And More...

So, in less than a day we’d encountered Clarendon House, Evandale, Ross and Woolmers Estate, and I was looking forward to the overnight stop at George Town, which I’d been led to believe is one of Tasmania's most important historic townships.

It took us a bit less than an hour to wend our way from Woolmers through Launceston and along the East Tamar Highway to the outskirts of George Town which turned out to be an administrative centre driven by industrial development rather than the historic village I’d been expecting.

On the way we’d diverted briefly to Three Wishes Winery, partly because it was more or less on the way, partly because, as far as I could gather, it was only open on weekends but mostly because I was after something to drink after dinner that night.

Like most of the wineries we subsequently visited there were only a handful of wines on offer, and baggage limits ruled out large purchases but, I decided as I worked my way through the options on offer, if this was any indication of what lay in store we were in for a very good time indeed.

In the end I opted for a bottle of the Land Bridge Pinot Noir, mainly because I thought that a red was a better post-prandial option though I would have loved to have had the option of buying an extra couple of bottles if we weren’t limited by time, budget and baggage constraints. The Riesling, in particular, is worth going back for. 

Our accommodation in George Town was a cottage at  'The Grove', an elegant stone house built in 1829 and once we’d checked in, we discovered that the only historic walk option comprised a lengthy walk around various sites scattered through what was, in essence, a bit of suburbia.  If we hadn’t experienced the aforementioned four highlights of the preceding twenty-four hours, we might have been inclined to follow the guidebook but opted for a drive out to Low Head instead.
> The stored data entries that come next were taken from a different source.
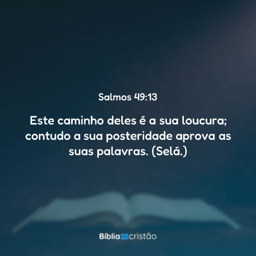 13 Este caminho deles é a sua loucura; contudo a sua posteridade aprova as suas palavras. (Selá.)
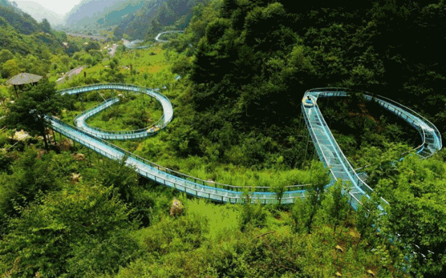 紅溪景區的玻璃滑道是桂林市首條最長的“全透明森林玻璃滑道",位於景區下山路段,採用純玻璃的設計,高端炫目,滑道總長度488公尺,高度落差達100公尺。從遠處看,那在森林裡蜿蜒的玻璃滑道,就像一條匍匐盤山的青龍等待著與你征服天地的快意。
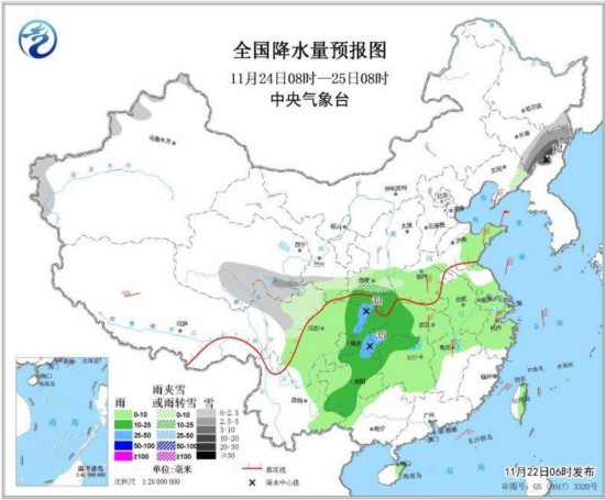 图5 全国降水量预报图(11月24日08时-25日08时)
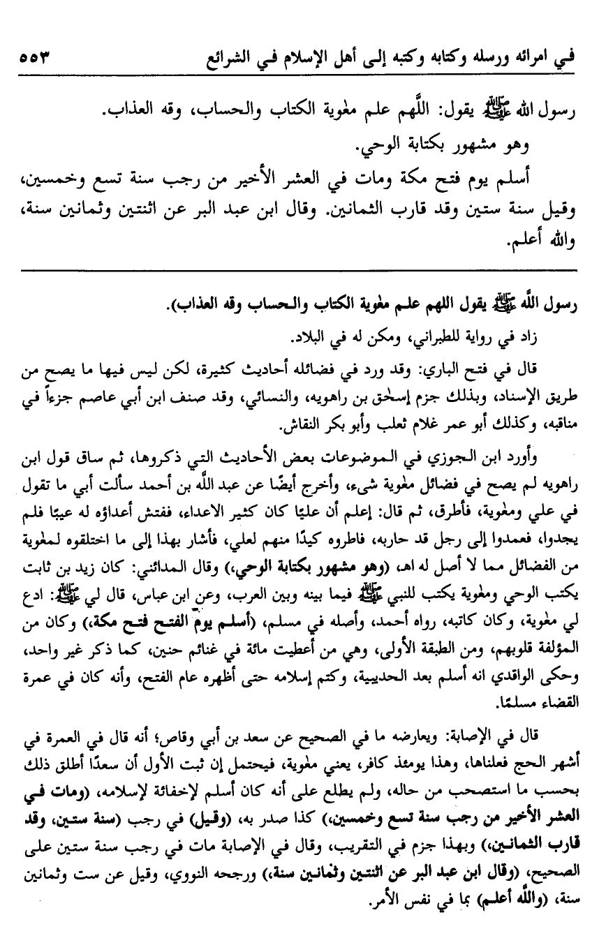 رسول الله صلى الله عليه وسلم: "اللهم علم معاوية الكتاب والحساب وقه العذاب".
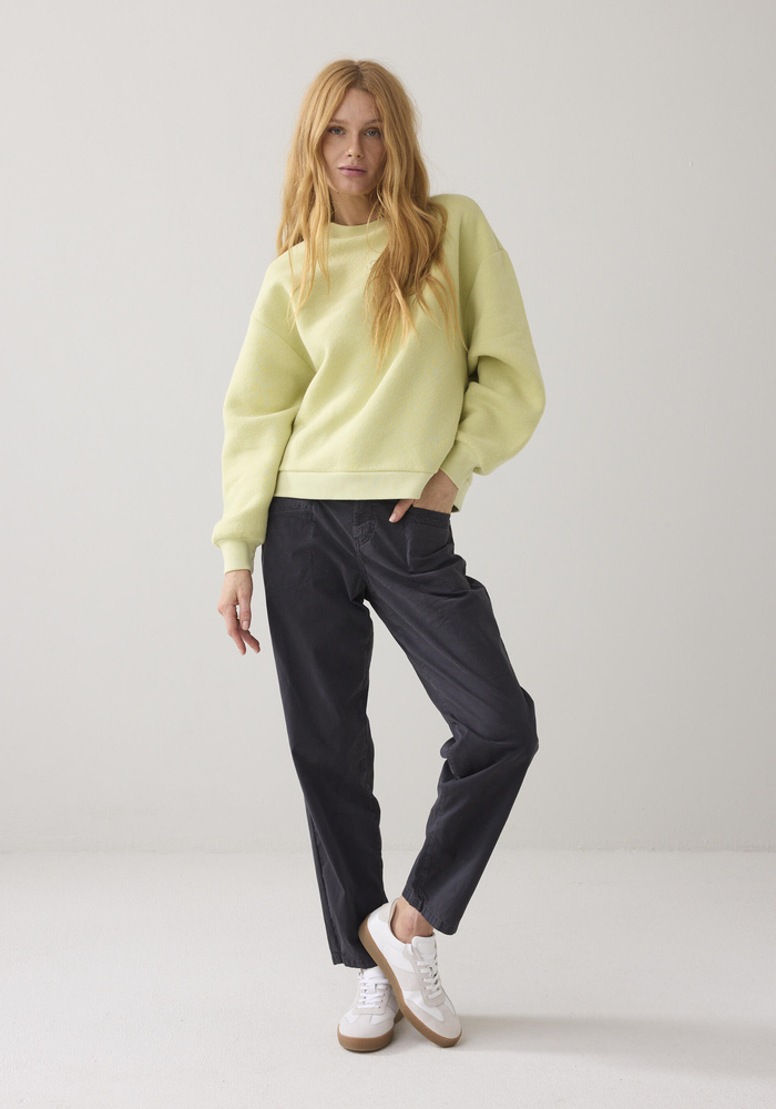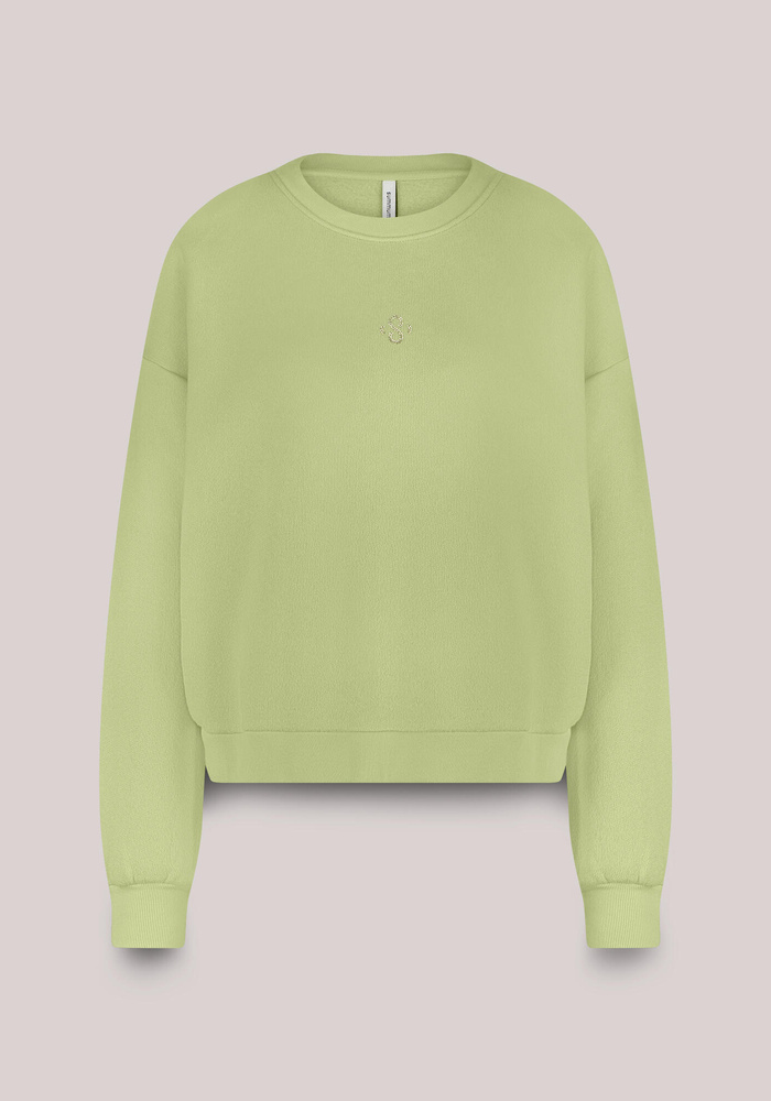 Comfortabele sweater met casual fit, ronde hals en lange mouwen. De voorkant is stijlvol afgewerkt met een Summum-logo van strass-steentjes.

It was after five when we pulled into the pilot station (the oldest continuously used pilot station in Australia, in use since 1835), so we didn’t get a chance to check out the Maritime Museum which includes items salvaged from shipwrecks off the coast, but after a walk down to the water side it was back into the car and off towards the lighthouse, which was built in 1888 to replace the original structure erected by convicts in the 1830s.

From the lighthouse there’s a reasonable view across Bass Strait, but hunger pangs were starting to set in, so we didn’t waste much time heading back to the Grove, then hoofing it a block or so to the Pier Hotel for dinner, which we started with half a dozen oysters kilpatrick.

Madam had been generous enough to pass me the oysters from the previous night’s seafood tasting platter (I’d had the steak dish) which were quite superb au naturel. While there was nothing wrong with the kilpatrick, in hindsight we should have gone for the unadorned option. Returning to the cottage we continued the process of converting a pair of Pinot-sceptics, a process which continued once we hit the wine trail the following morning.